▶ Task directions
The stretch wanted below opens at the line containing "Les visiteurs trouvent" and closes at the line containing "Michael Rider's debut". Please return it exactly, with no other lines.

▶ Records
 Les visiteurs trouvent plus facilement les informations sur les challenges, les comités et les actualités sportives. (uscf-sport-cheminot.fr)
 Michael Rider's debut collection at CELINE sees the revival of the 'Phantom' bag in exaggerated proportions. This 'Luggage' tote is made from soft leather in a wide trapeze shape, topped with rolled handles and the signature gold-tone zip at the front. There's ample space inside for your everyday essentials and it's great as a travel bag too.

==

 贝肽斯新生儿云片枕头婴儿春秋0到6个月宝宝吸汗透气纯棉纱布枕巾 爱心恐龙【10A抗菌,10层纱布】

▶ Response to this task
 Les visiteurs trouvent plus facilement les informations sur les challenges, les comités et les actualités sportives. (uscf-sport-cheminot.fr)
 Michael Rider's debut collection at CELINE sees the revival of the 'Phantom' bag in exaggerated proportions. This 'Luggage' tote is made from soft leather in a wide trapeze shape, topped with rolled handles and the signature gold-tone zip at the front. There's ample space inside for your everyday essentials and it's great as a travel bag too.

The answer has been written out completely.